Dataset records
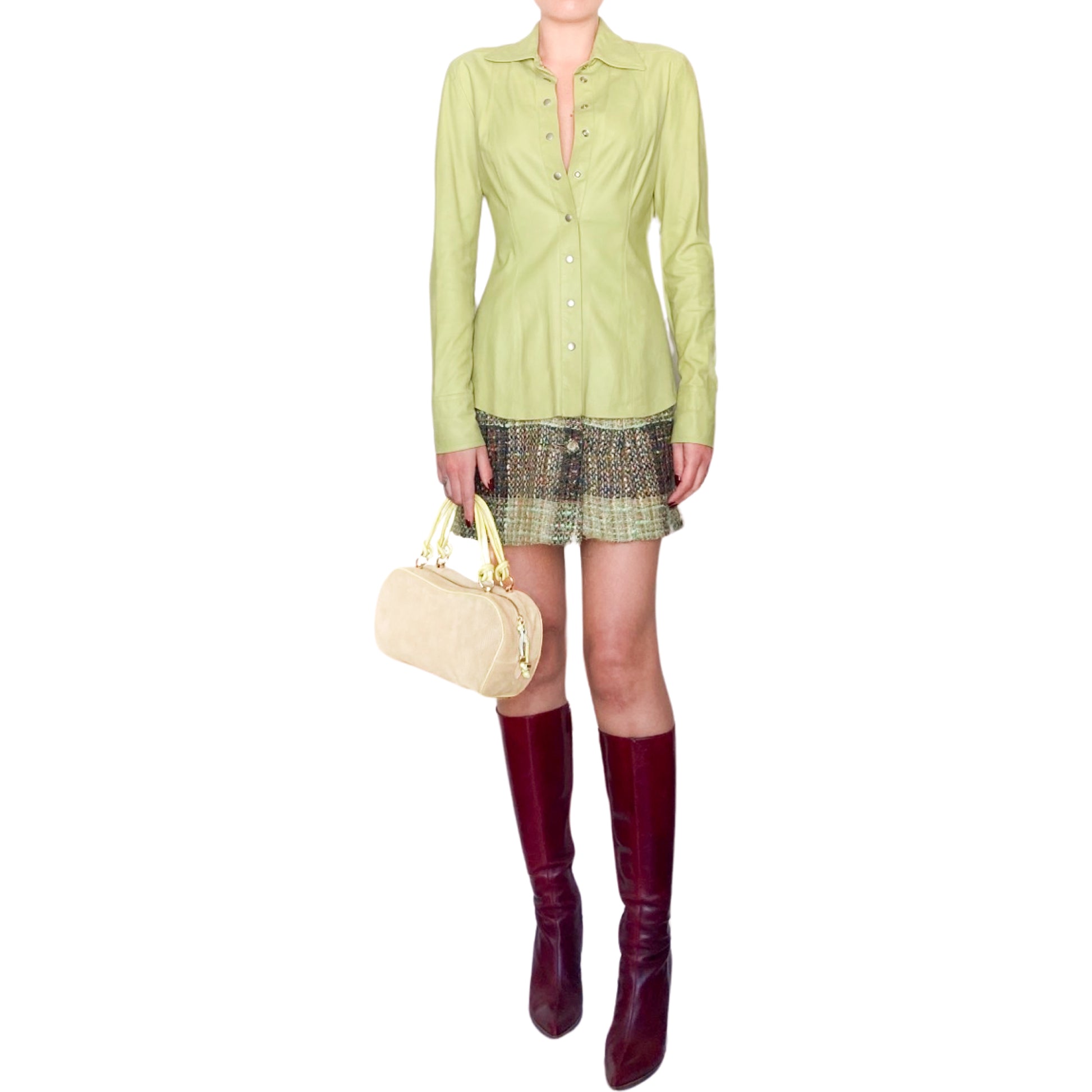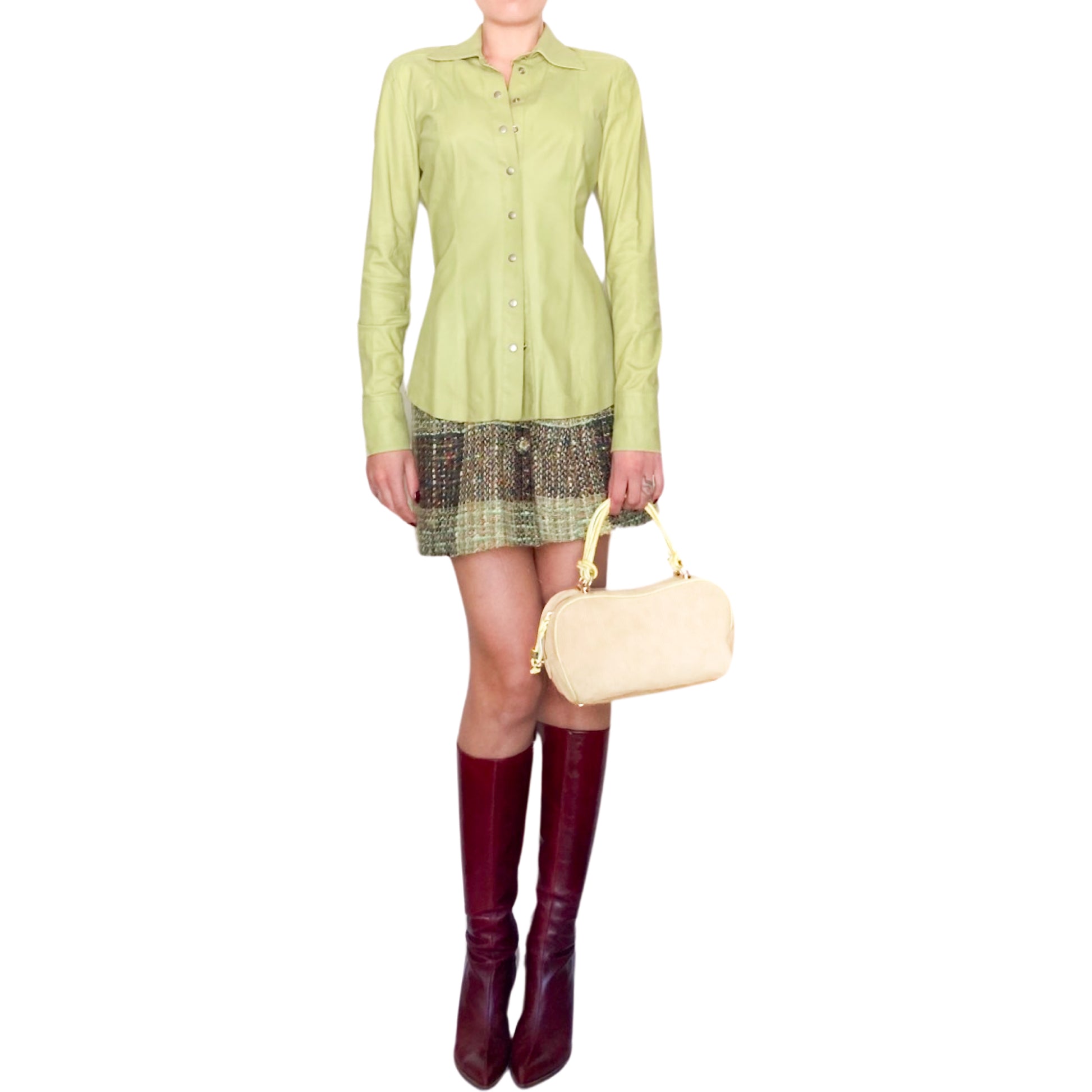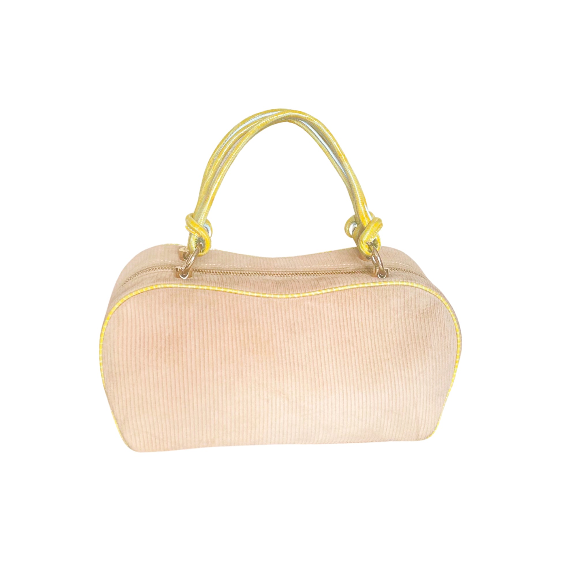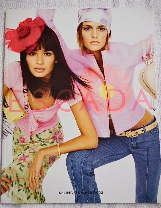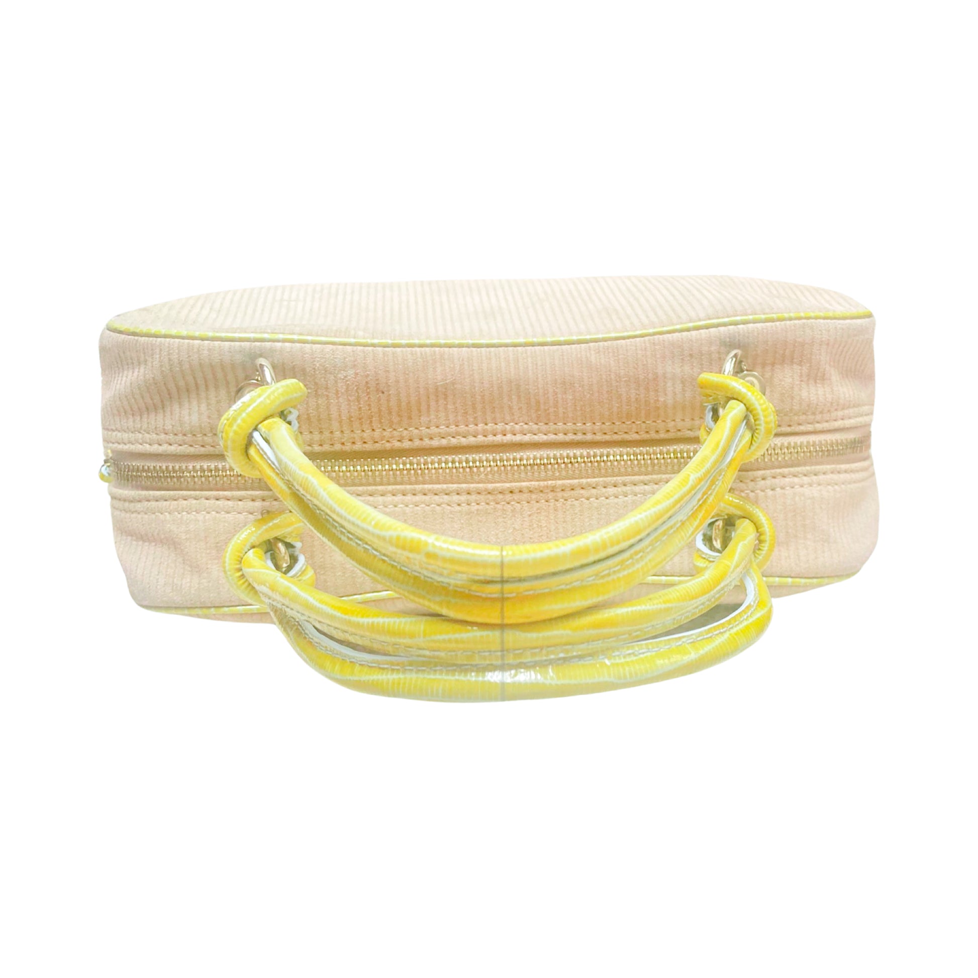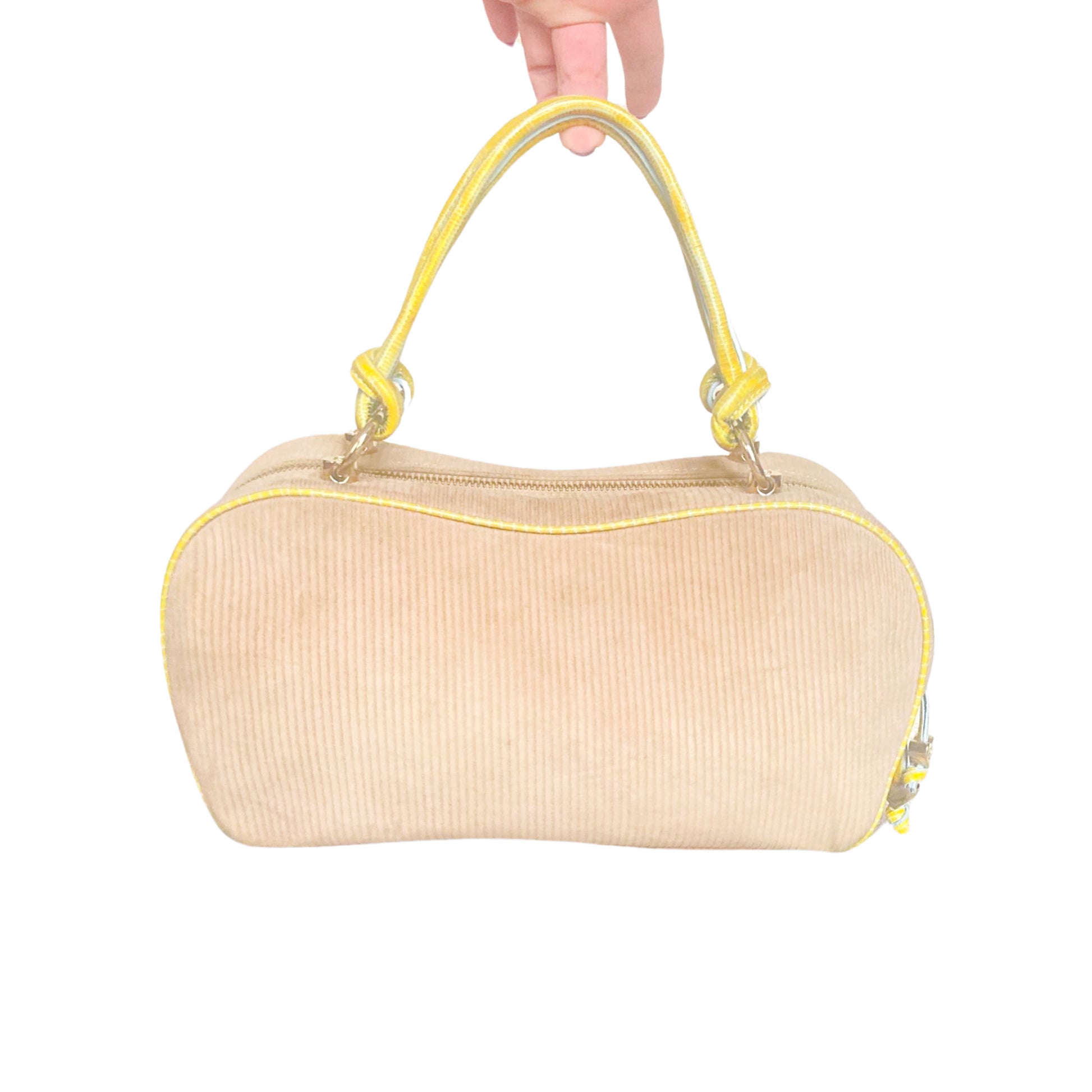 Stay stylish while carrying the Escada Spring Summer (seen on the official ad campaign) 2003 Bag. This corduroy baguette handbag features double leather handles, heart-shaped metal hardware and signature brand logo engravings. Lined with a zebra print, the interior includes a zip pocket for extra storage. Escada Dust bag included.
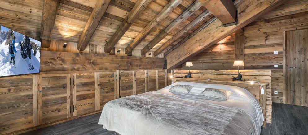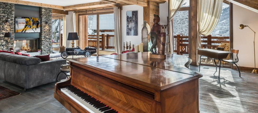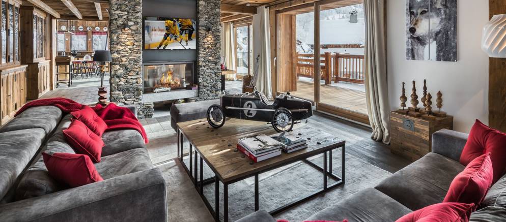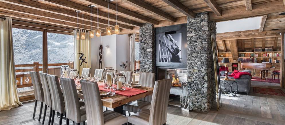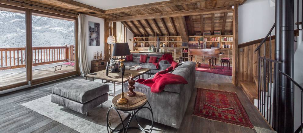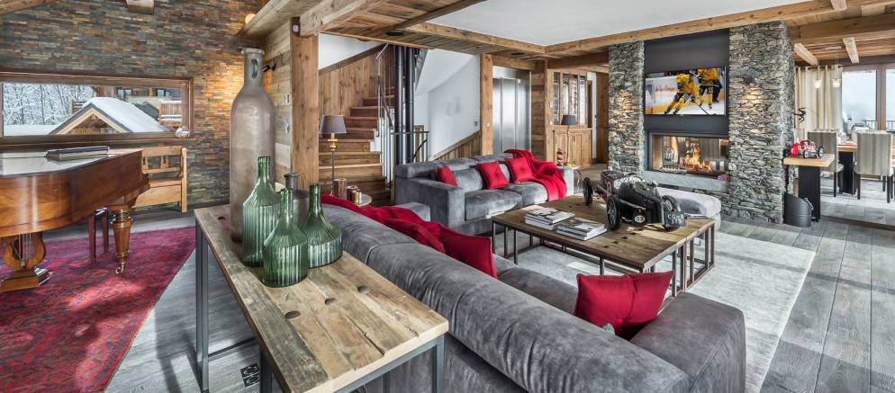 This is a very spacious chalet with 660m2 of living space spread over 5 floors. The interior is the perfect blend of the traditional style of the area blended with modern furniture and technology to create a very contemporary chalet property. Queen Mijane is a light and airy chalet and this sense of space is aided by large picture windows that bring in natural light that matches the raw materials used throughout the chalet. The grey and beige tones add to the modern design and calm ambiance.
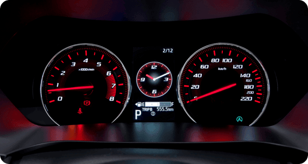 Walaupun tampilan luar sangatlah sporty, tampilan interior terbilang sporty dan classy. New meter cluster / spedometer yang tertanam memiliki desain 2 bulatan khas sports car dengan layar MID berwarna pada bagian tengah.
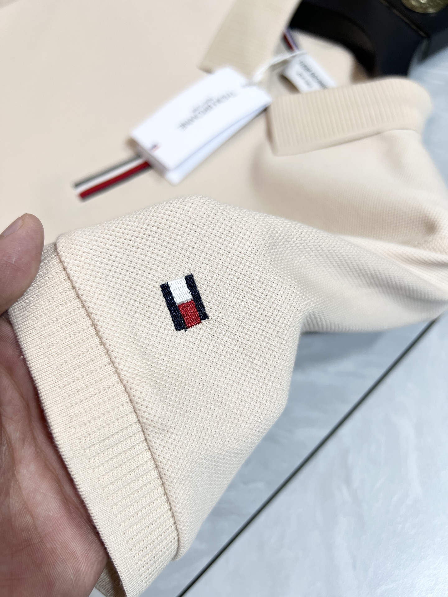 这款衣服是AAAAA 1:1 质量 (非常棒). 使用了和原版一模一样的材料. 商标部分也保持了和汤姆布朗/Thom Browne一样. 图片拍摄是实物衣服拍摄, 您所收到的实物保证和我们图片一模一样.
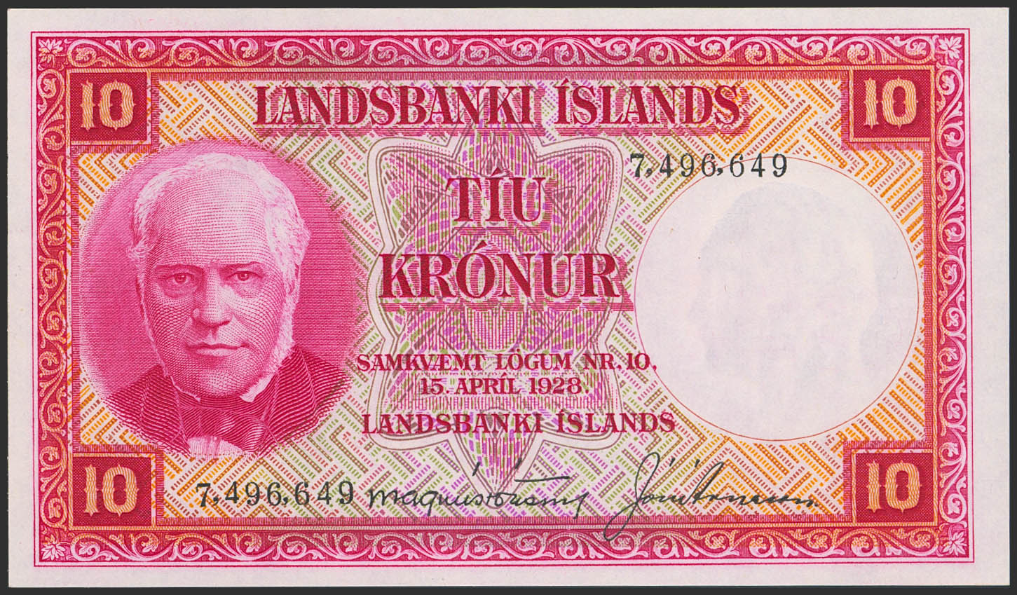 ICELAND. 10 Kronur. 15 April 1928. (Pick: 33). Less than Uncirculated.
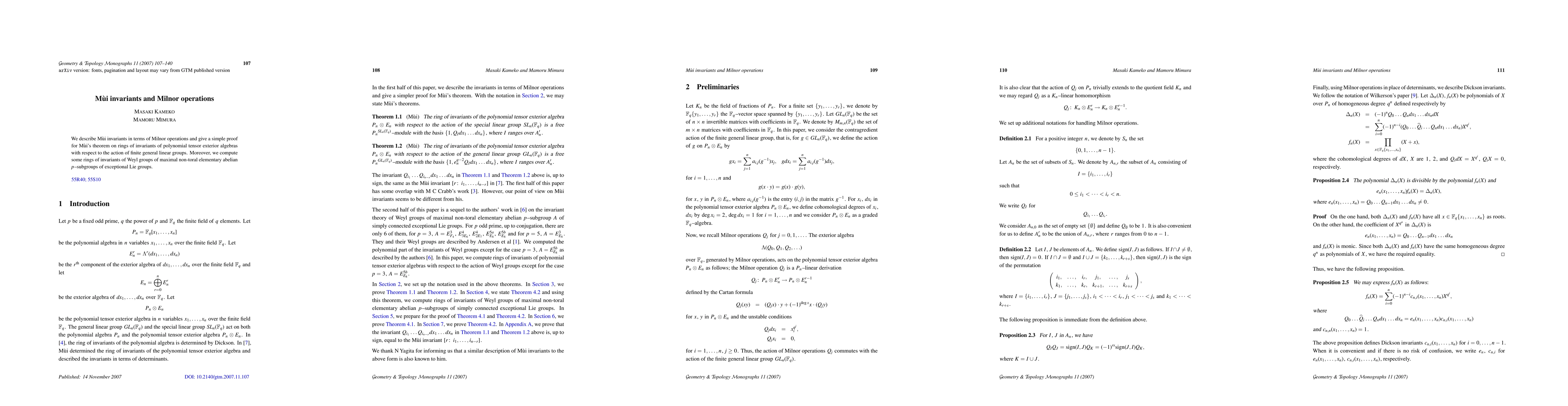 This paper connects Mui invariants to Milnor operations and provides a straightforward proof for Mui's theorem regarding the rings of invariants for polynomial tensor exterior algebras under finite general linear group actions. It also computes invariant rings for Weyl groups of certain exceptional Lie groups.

▶ [Work required] Once the pictures are set aside, repeat each entry exactly as it stands.

▶ [Task answer]
 Stay stylish while carrying the Escada Spring Summer (seen on the official ad campaign) 2003 Bag. This corduroy baguette handbag features double leather handles, heart-shaped metal hardware and signature brand logo engravings. Lined with a zebra print, the interior includes a zip pocket for extra storage. Escada Dust bag included.
 This is a very spacious chalet with 660m2 of living space spread over 5 floors. The interior is the perfect blend of the traditional style of the area blended with modern furniture and technology to create a very contemporary chalet property. Queen Mijane is a light and airy chalet and this sense of space is aided by large picture windows that bring in natural light that matches the raw materials used throughout the chalet. The grey and beige tones add to the modern design and calm ambiance.
 Walaupun tampilan luar sangatlah sporty, tampilan interior terbilang sporty dan classy. New meter cluster / spedometer yang tertanam memiliki desain 2 bulatan khas sports car dengan layar MID berwarna pada bagian tengah.
 这款衣服是AAAAA 1:1 质量 (非常棒). 使用了和原版一模一样的材料. 商标部分也保持了和汤姆布朗/Thom Browne一样. 图片拍摄是实物衣服拍摄, 您所收到的实物保证和我们图片一模一样.
 ICELAND. 10 Kronur. 15 April 1928. (Pick: 33). Less than Uncirculated.
 This paper connects Mui invariants to Milnor operations and provides a straightforward proof for Mui's theorem regarding the rings of invariants for polynomial tensor exterior algebras under finite general linear group actions. It also computes invariant rings for Weyl groups of certain exceptional Lie groups.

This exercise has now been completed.